A couple winters ago I picked up an older Grand Prix 535 dual stage snowblower for dirt cheap, probably because half of it was in a bucket. After some effort, and a few maintenance parts, I got it running. Haven't got much use from it yet, it took a bit to get all the kinks worked out, given how hard it is to find ANY information on this brand.

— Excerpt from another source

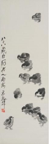 此幅《雏鸡》为白石老人晚年八十八岁时所作。11只小鸡雏概是应了母鸡的呼唤或是食物的诱惑,正三五成群的自画面右侧向左侧飞奔而来,有的还不忘低头寻觅一下脚下的食物。小鸡雏之间有疏有密,构图巧妙,画面具有一种生命的张力。右侧的题款“八十八岁白石老人尚客京华”一气呵成,为整幅作品画上了一个圆满的句号。

Two days ago, I FINALLY got a chance to use it! I got one pass along my long, gravel, uphill driveway (I'm whining for sympathy here), it stopped moving. So I had to DRAG it ALLLL the way back DOWN my driveway, to investigate the problem. Turns out the spring for the drive belt tensioner came off, causing it to chew up the drive belt. I got the new belt, have the basic routing figured out, but can't figure out where the other end of the spring goes, or the proper position of the tensioner. Anyone have any experience with this brand?


----------



## JLawrence08648 (Jan 15, 2017)

I'm not familiar with your machine but on many machines the end of the spring goes under a sheet metal protrusion on the right side inside the engine gear disk belt housing. You remove the bottom plate. Look on the right side.


----------



## PointMan (Jan 2, 2018)

A couple pictures, not the best but hopefully they help a bit.


----------



## db130 (Feb 16, 2013)

Is it a Noma Grand Prix? Maybe take a picture of the complete snowblower and its model number sticker and maybe one of us could find you a parts diagram of a similar USA-market Noma blower.

For example:

Noma Grand Prix 523 Snowblower - Milton


----------



## PointMan (Jan 2, 2018)

It is a Noma, couldn't find the model number, it's worn off. And yes, it's parked in the livingroom, my wife was less than impressed, but resigned to the inevitably of it.


----------



## PointMan (Jan 2, 2018)

The model number is GP 523T and under that it has 5838.


----------



## PointMan (Jan 2, 2018)

db130 said:


> Is it a Noma Grand Prix? Maybe take a picture of the complete snowblower and its model number sticker and maybe one of us could find you a parts diagram of a similar USA-market Noma blower.
> 
> For example:
> 
> Noma Grand Prix 523 Snowblower - Milton


This is definitely the correct snowblower, but the link you provided takes me to a for sale ad, not a parts diagram.


----------



## Hanky (Nov 14, 2014)

Point man you must have the best understanding wife in the world, no way would I get my blower with in 2 ft of the door. LUCKY man


----------



## PointMan (Jan 2, 2018)

Hanky said:


> Point man you must have the best understanding wife in the world, no way would I get my blower with in 2 ft of the door. LUCKY man


She's definitely a good woman! Lucky to have found her.


----------



## PointMan (Jan 2, 2018)

ANYONE have any experience with these snowblowers?


----------



## PointMan (Jan 2, 2018)

Bump


----------